89: Music Lessons

89: Music Lessons

From Chicken Soup for the Soul: Time to Thrive

Music Lessons

Music gives a soul to the universe, wings to the mind, flight to the imagination, and life to everything.

~Plato

I picked our gray cat off the top of our piano and gave her a hug. “That’s an expensive perch for a cat,” I said out loud.

She head-butted my chin and wiggled out of my arms back to her favorite place — the top of our piano. It gave her a good view of the entire living room, the kitchen, and the back yard.

My husband and I had purchased the piano so our son and daughter could take piano lessons.

I had a secret dream of my own that I did not share with anyone. One day I wanted to learn to play the piano.

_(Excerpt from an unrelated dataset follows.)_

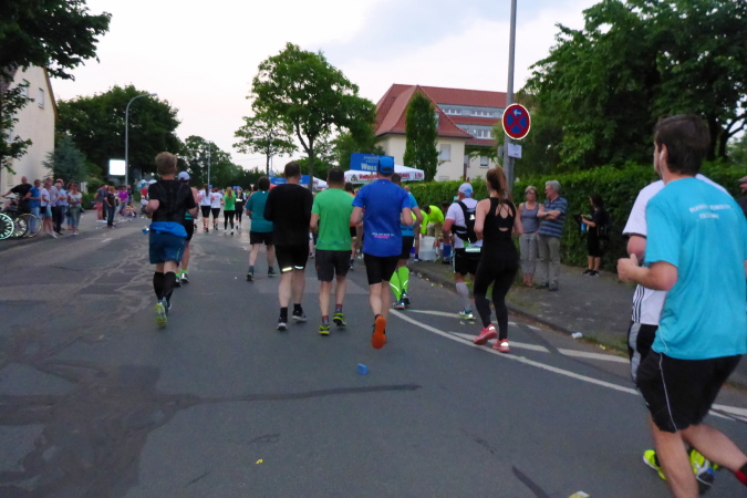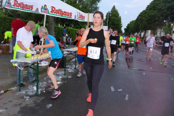Am Wasserturm von Seckenheim macht die Strecke ein Spitzkehre und führt auf der Badener Straße weiter. Die Feste am Straßenrand nehmen kein Ende; hier ist fast noch mehr los als vorhin. Bevor wir in die Hauptstraße einbiegen, gibt es erneut Wasser zur Erfrischung, aber auch Iso, Banane und Riegel (km 12).

I had taken lessons for a short time in elementary school, until my military dad received orders for reassignment, and our piano could not be included in our household shipment. Over the years, the time to play the piano hadn’t been right — there had been no place for a large musical instrument, or we didn’t have the money for lessons.

I did pursue my love of music and learned to play the flute in junior high school. I made the high school marching band. I enjoyed the performances and the support from others who loved music as I did, but still I had dreamt of sitting on a piano bench and performing.

But as I dusted that piano on that fateful day, I knew it was now or never. I could either try to make the dream come true, or I could forget it once and for all. I lifted the keyboard cover and stroked the keys. I played a few scales I remembered, and the piano sounded as good as it had when it was new.

The next day at church I passed our bulletin board. It listed items for sale, odd jobs, and at the bottom, someone was offering piano lessons.

My voice trembled when I called the number the next day.

The lady who answered had a kind voice as she answered my questions. When she learned that I was the student she hesitated. She had never taught an adult learner, but she was willing to try if I was.

Fortunately, the lessons would begin that week, because I soon began making excuses to myself as to why it was not a good time. I had a full-time job, I had family responsibilities, and I had signed up for a class to update my computer skills. Perhaps I needed to wait until my schedule cleared a little.

I timidly knocked on her door the day of my lesson, half hoping she would not answer. But she did answer and introduced herself as Melody.

What a wonderful name for a music teacher.

When the lesson ended, Melody opened the door to her next student, a six-year-old boy bubbling with enthusiasm.

Melody introduced us and told me his name was Jeff.

“I’m going to learn to play the piano,” he told me. No doubts or insecurities got in his way.

His enthusiasm was contagious, and on my way home I whispered, “I’m going to learn to play the piano.”

I wasn’t a star pupil. I didn’t have instant recall on how to read music. I could only read treble clef music since I had played the flute for six years. Reading the treble clef came easy, but playing the bass clef was a struggle. Getting both hands to cooperate was difficult and then she introduced me to the pedal. Maybe I had bitten off more than I could chew.

Melody scolded me for not practicing enough. She had told me at the start that thirty minutes a day should be enough for me, but now she told me that I should increase it to an hour a day.

An hour a day? How would I ever find the time?

I remembered some encouragement I had received from a friend when I started the piano lessons.

I had mumbled, “I don’t know if I can find the time.”

She had said, “If it’s important to you, you don’t find time, you make it.”

That’s what I had to do now. I had to look at my schedule to see where I could make time. Getting up early and practicing wasn’t an option; I would wake the whole household. The same was true if I practiced late at night. But then I realized I was practicing when I got home from work, so I only had to add another thirty minutes to that time. I had been watching television before I fixed dinner. I enjoyed the thirty-minute television show but I could turn that into practice time instead.

The next obstacle occurred the following week, when Melody told me I would need to participate in the December recital. Each student would play one selection of a familiar song as well as a Christmas carol, and we had to play by memory. There was no way I could do that. I would have one month to memorize two pieces and I hadn’t even seen them yet. I hadn’t had to memorize anything in years.

“It’s the customary way,” Melody said. “And even Jeff is memorizing the pieces he is playing.”

Well if a six-year-old was up to the task, surely I could do that.

I practiced the two pieces, and even took the music to work so I could memorize them on my lunch break. It worked! I was able to commit the two pieces to memory.

On the day of the recital, Jeff was the first one up and he played flawlessly. The audience applauded as he bowed.

I was next. As I sat at the piano and took a deep breath, I glanced at my husband. He smiled at me and gave me a thumbs-up. But would the rest of the audience think I was foolish for performing in a children’s recital? I placed my fingers on the keys and my memory took over. It was just me and the piano. I wasn’t aware of anyone else there. I stayed seated for a few moments at the end.

There was no sound from the audience until one of the men said, “Amen.”

Then the audience applauded. But the applause didn’t matter. What mattered was that I had followed my dream and I hadn’t quit when things got difficult.